The chatbot maintains conversation history per session, stored in DynamoDB in production and in-memory for the POC. Every message sent to Bedrock includes the full conversation history, enabling the model to answer follow-up questions coherently — "and what about the mutual fund side?" works because the model has context from the previous turns.

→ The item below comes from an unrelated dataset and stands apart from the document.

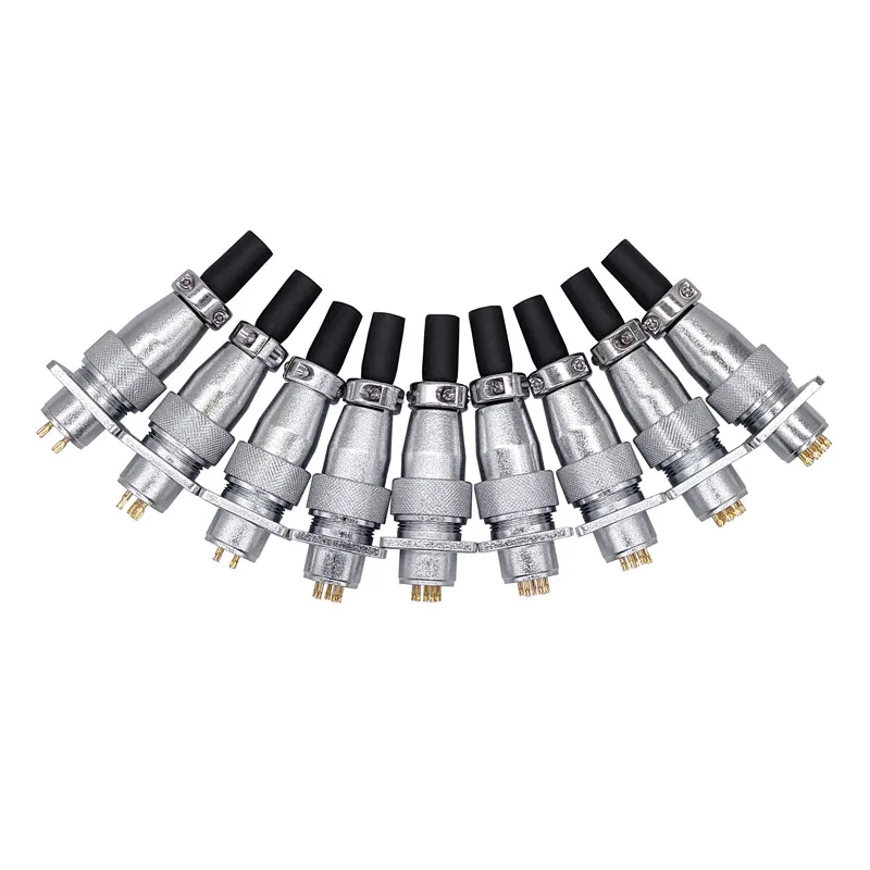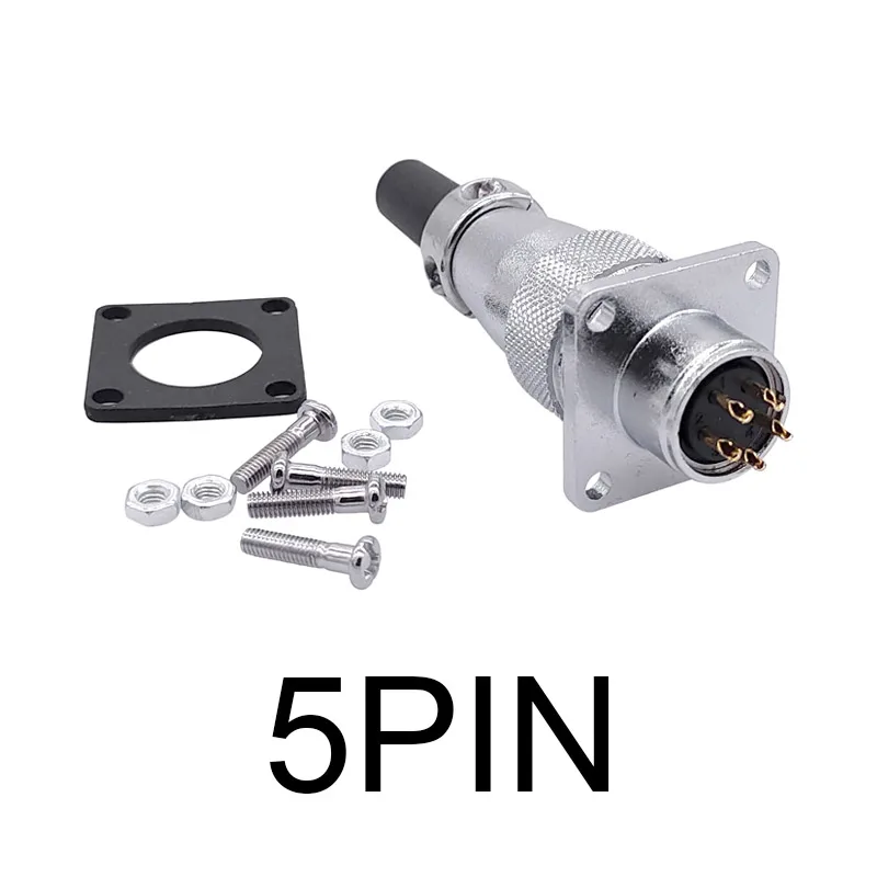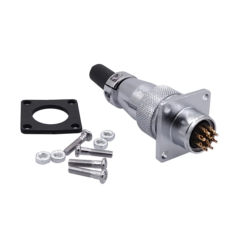 Experience reliable electrical connections with the WS16 plug and socket connector, featuring 2 to 10 pins in male and female configurations designed for 24V applications. Crafted with durable, silver-colored cylindrical bodies with knurled surfaces for easy handling, these connectors boast gold-plated pins arranged in circular patterns for optimal conductivity. Equipped with black insulative bases, strain relief caps for protection against dust and moisture, and mounting flanges with four drill holes for secure installation, they combine industrial robustness with safety features like anti-leakage and reverse installation support. Certified with CE standards, these adapters are ideal for versatile, high-conductivity, waterproof electrical setups in demanding environments.

Each agent receives the same history, which means context is preserved even when the orchestrator routes consecutive messages to different specialists. The user doesn't experience a reset when their question shifts from stocks to funds.

What I Learned

Inject live data into system prompts, not the conversation history. Portfolio data belongs in the system prompt — it's context for every turn, not a message in the conversation. Putting it in the system prompt keeps it separate from the dialogue and ensures the model treats it as ground truth rather than something the user said.
Model selection is a product decision, not just a technical one. The choice between Haiku, Sonnet, and Opus directly affected the quality of the user experience. Treat it with the same rigour as any other product decision — evaluate on your actual use case, not benchmark leaderboards.
Data residency is a first-class constraint for financial applications. It needs to be resolved at architecture design time, not retrofitted after the fact. The region, inference profile, and memory store all need to be consistent with where data is allowed to live.
Keyword-based routing works for well-defined domains. The orchestrator's routing logic is intentionally simple — keyword matching against known domain terms. For clearly scoped financial domains (stocks vs funds vs banking), this is reliable and fast. A more complex routing mechanism would add latency without meaningful accuracy gains.
Streaming is table stakes for chat. Users tolerate latency far better when they can see progress. For financial responses that can run to several paragraphs, non-streaming responses feel broken. Build streaming in from the start.

What's Next

Replace keyword routing with a lightweight intent classifier — more robust for ambiguous queries that don't contain obvious domain keywords.
Add buy/sell action capabilities: the chatbot currently only answers questions; the natural next step is letting it initiate transactions with appropriate confirmation flows.
Connect to live market data APIs so stock prices and NAVs are real-time rather than static.
Add a summarisation step that compresses old conversation history before it hits the context limit, enabling very long sessions without degradation.